I wanted to get your thoughts on how to handle this [~gjacoby] [~kadir] [~jisaac] [~vjasani] [~yanxinyi] [~sukumaddineni]. Since we currently don't log DDLs issued during the upgrade path and because of the problem with sequences I think for now, maybe it is safer to just keep the snapshots around and allow the operator to decide how to handle the upgrade failure rather than blindly forcing a restore from snapshots. What do you guys think?


was (Author: ckulkarni):
[~vjasani] I created this Jira to extend safety during upgrades for all SYSTEM tables, so that we now would take a snapshot of each one. I just realized that we also then extended the restore-snapshot logic to all SYSTEM tables in case of an exception during EXECUTE UPGRADE (see [this|https://github.com/apache/phoenix/blob/0d0e86e7ba63d20e92d4e8c03259344a958dbcd1/phoenix-core/src/main/java/org/apache/phoenix/query/ConnectionQueryServicesImpl.java#L3940-L3944]). Thinking about this a little bit, there can be various downsides to automatically restoring from the SYSTEM table snapshot, such as:

# Any DDLs issued since the upgrade began would be lost when we restore the snapshot of SYSTEM.CATALOG
# If we encounter an issue when upgrading any SYSTEM table, we would end up restoring the snapshots of all of them (I don't think there is necessarily a better way to handle this since we can't just restore the snapshot for the table whose upgrade failed or we'd be in a weird mixed metadata state)
# The point above also means that SYSTEM.SEQUENCE would be restored and that would break(?) sequences issued during this time.
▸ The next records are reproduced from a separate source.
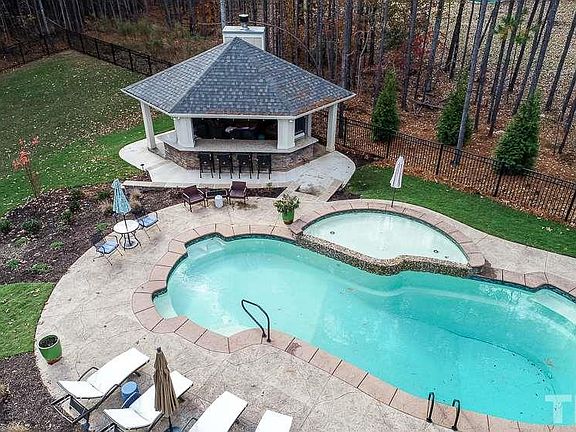 Remarkable 3+acre estate backing to lake wheeler. New 400sqft pool house with outdoor kitchen, stone wood burning fireplace, outdoor shower, and granite bar. Designer Uplighting and extensive landscaping around new fiberglass custom pool. Inside the home you'll find wood beams, coffered ceilings, 8' doorways, commercial grade appliances, site finished hardwoods, and jaw dropping details. 1st floor master leads to serene screened porch. Priced below appraised value. Unique opportunity in great area!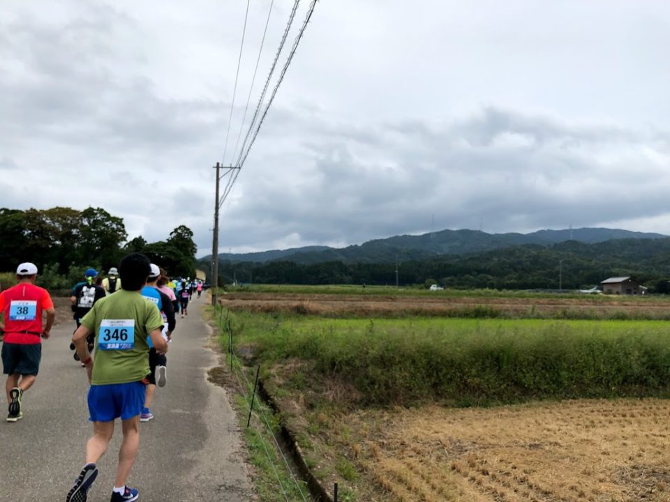 山を降りると多少のアップダウンはあるもののひたすら平坦なコースをはしっていきます。意図せず、走力のある集団のところで走っていたせか、ここでかなりごぼう抜きされます(苦笑)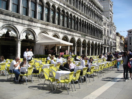 広場には老舗のカフェテラスがあり、のんびり、景観を楽しめるようになっている

I wanted to get your thoughts on how to handle this [~gjacoby] [~kadir] [~jisaac]. Since we currently don't log DDLs issued during the upgrade path and because of the problem with sequences I think for now, maybe it is safer to just keep the snapshots around and allow the operator to decide how to handle the upgrade failure rather than blindly forcing a restore from snapshots. What do you guys think?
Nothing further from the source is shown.